- Directed by: Vladimir Bitokov
- Written by: Mariya Izyumova
- Produced by: Natalia Gorina; Aliona Kostenko; Sergey Melkumov; Alexander Rodnyansky;
- Starring: Kseniya Rappoport; Yura Borisov; Alexander Gorchilin; Natalya Pavlenkova; Ekaterina Shumakova;
- Cinematography: Ksenia Sereda
- Music by: Dmitry Evgrafov
- Release date: September 9, 2021;
- Country: Russia
- Language: Russian

= Mama, I'm Home =

Mama, I'm Home (Мама, я дома) is a 2021 Russian drama film directed by Vladimir Bitokov. The film was included into the Orizzonti Extra program of the 78th Venice International Film Festival.
It was theatrically released in Russia on September 9, 2021.

== Plot ==
In Kabardino-Balkaria, a bus driver named Tonya is waiting for the return of her son, Zhenya, who left to fight in Syria. When she receives news of his death, she refuses to believe it and launches a relentless fight with local authorities, demanding his return. As Tonya confronts officials and stages protests, she becomes increasingly isolated, determined to defy the official narrative.
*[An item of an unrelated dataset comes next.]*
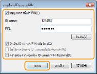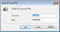คลิกเพื่อตรวจสอบว่าป้อน ID และ PIN ที่ถูกต้อง ฟังก์ชันนี้จะใช้งานไม่ได้ ถ้าเครื่องและคอมพิวเตอร์เชื่อมต่อกันผ่านพอร์ต USB หรือ WSD (Web Services on Devices)

Then, one day, Zhenya appears at her door, apparently alive. Though everyone around her—including officials and neighbors—recognizes him as her son, Tonya senses something off. He lacks familiarity with intimate family details, and his demeanor feels foreign. As their strained relationship evolves from suspicion and fear to a fragile acceptance, Tonya wonders if the state has sent an imposter to silence her. Her hope and distrust collide, leading to a breaking point when Zhenya is threatened with arrest and decides to leave for yet another conflict. In the end, Tonya is left questioning whether she ever truly saw her son again or if her desperate grief created an illusion of his return.